--- START ---

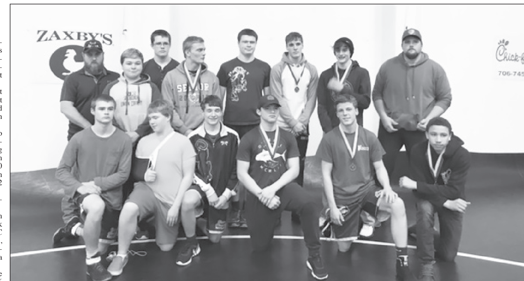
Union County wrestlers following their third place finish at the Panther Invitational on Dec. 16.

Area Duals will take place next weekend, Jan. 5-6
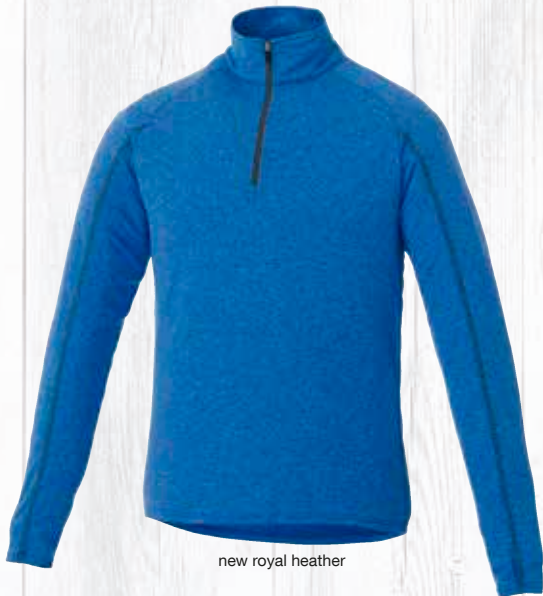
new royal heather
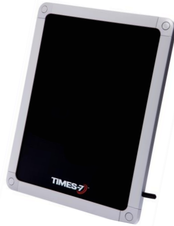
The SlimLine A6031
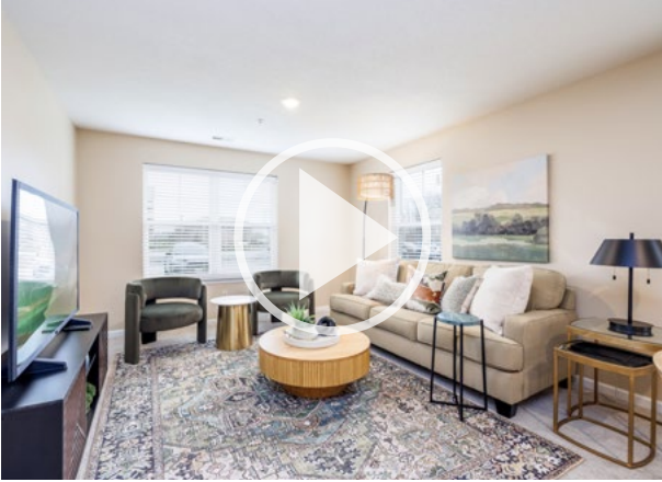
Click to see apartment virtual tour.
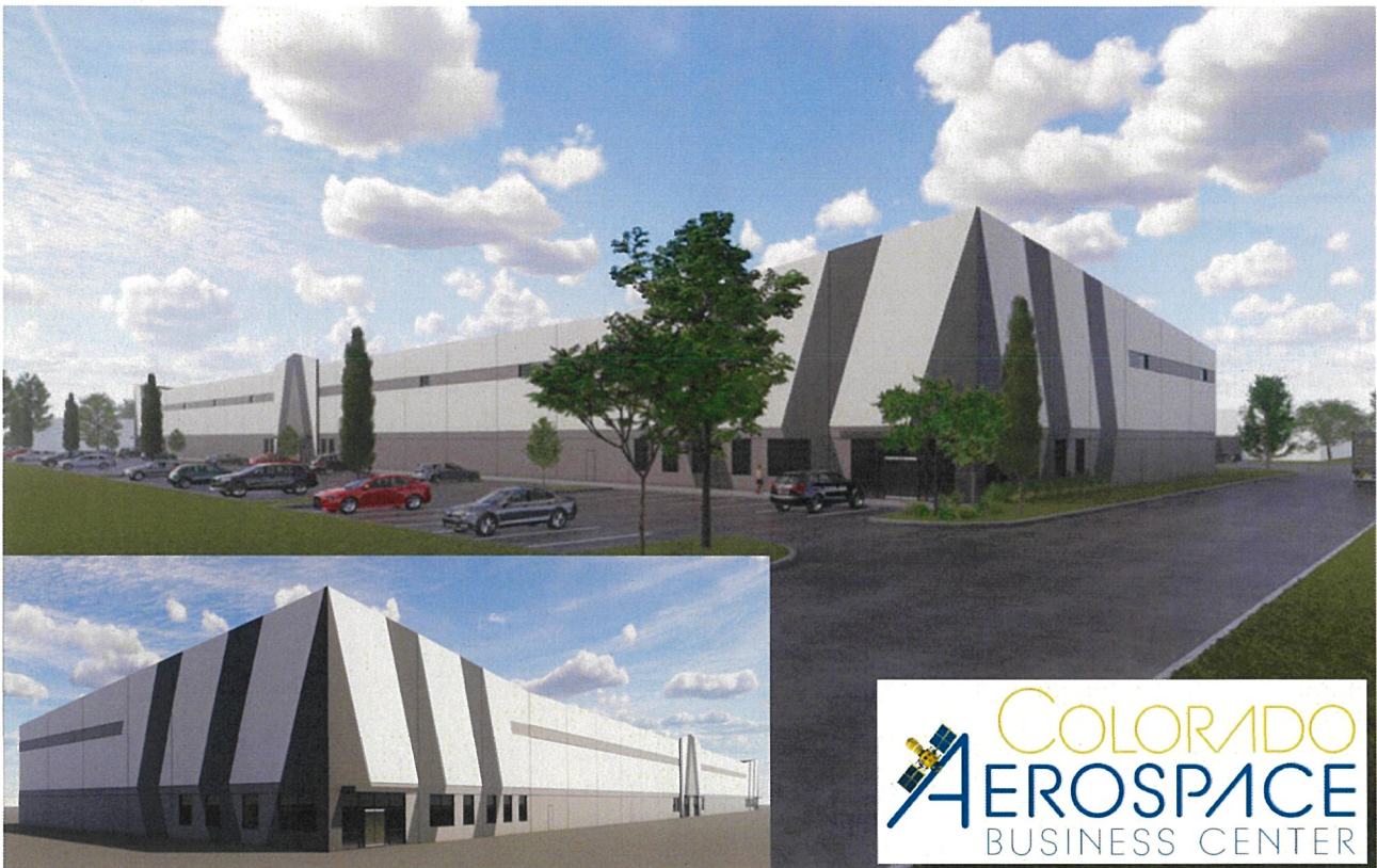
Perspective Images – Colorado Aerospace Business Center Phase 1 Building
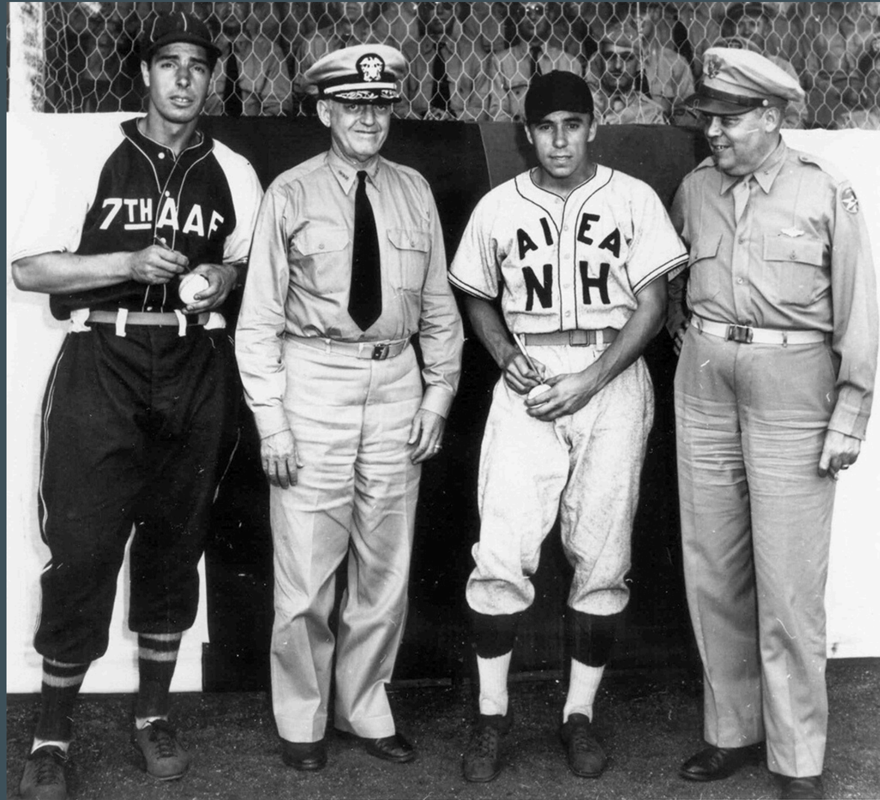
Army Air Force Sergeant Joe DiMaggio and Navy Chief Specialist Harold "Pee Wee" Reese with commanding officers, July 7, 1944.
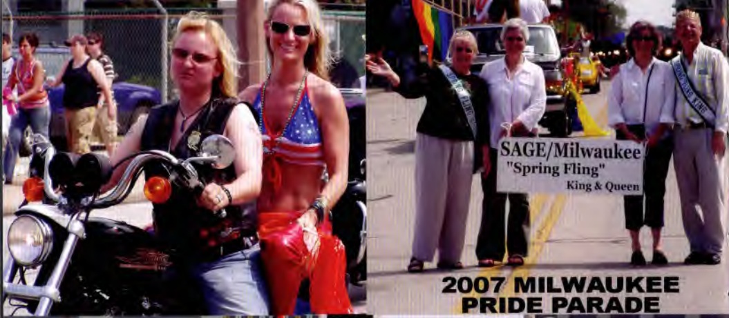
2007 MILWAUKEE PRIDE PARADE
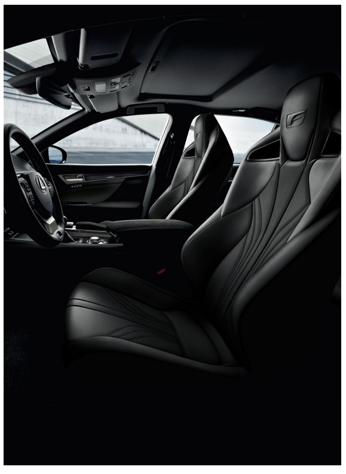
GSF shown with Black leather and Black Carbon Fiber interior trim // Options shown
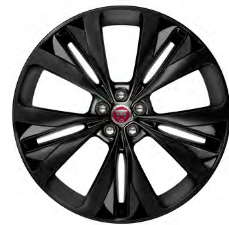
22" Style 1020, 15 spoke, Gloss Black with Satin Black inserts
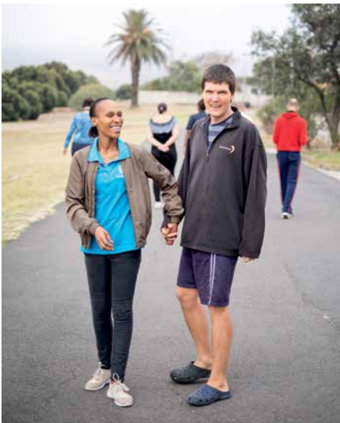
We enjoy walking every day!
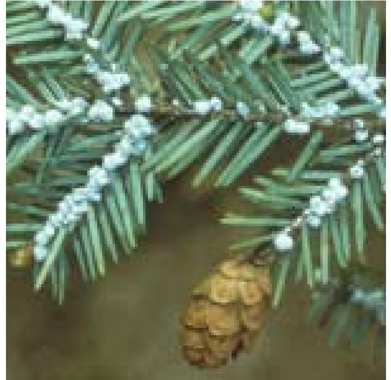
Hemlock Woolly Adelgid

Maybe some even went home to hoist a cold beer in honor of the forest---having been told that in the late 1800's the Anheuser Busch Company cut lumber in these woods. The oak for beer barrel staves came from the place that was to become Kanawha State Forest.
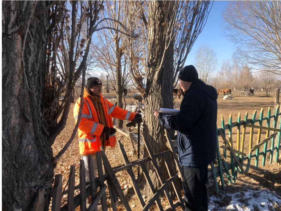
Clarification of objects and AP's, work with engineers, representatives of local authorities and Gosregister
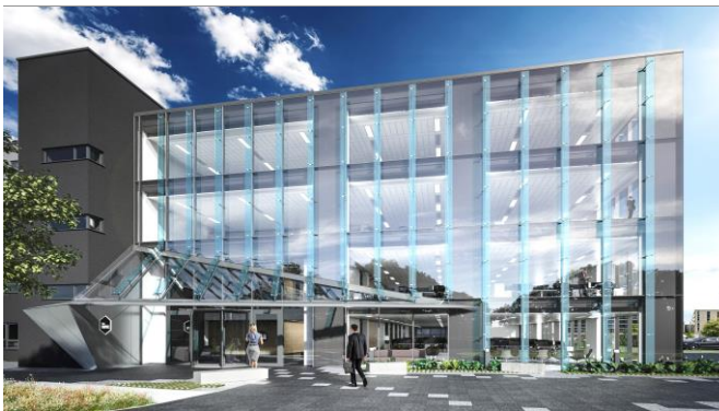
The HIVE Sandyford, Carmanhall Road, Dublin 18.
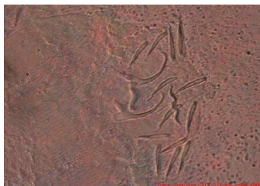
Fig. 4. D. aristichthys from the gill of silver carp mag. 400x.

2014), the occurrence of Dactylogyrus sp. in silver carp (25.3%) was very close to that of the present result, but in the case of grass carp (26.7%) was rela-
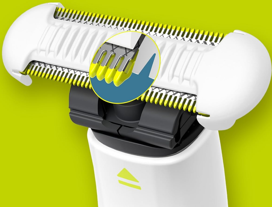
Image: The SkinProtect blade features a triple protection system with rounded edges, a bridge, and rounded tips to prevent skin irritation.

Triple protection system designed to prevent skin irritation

--- END ---

:: Exercise ::
Given the data above, which lines hold the string "that"? Return them.

:: Result ::
Maybe some even went home to hoist a cold beer in honor of the forest---having been told that in the late 1800's the Anheuser Busch Company cut lumber in these woods. The oak for beer barrel staves came from the place that was to become Kanawha State Forest.
2014), the occurrence of Dactylogyrus sp. in silver carp (25.3%) was very close to that of the present result, but in the case of grass carp (26.7%) was rela-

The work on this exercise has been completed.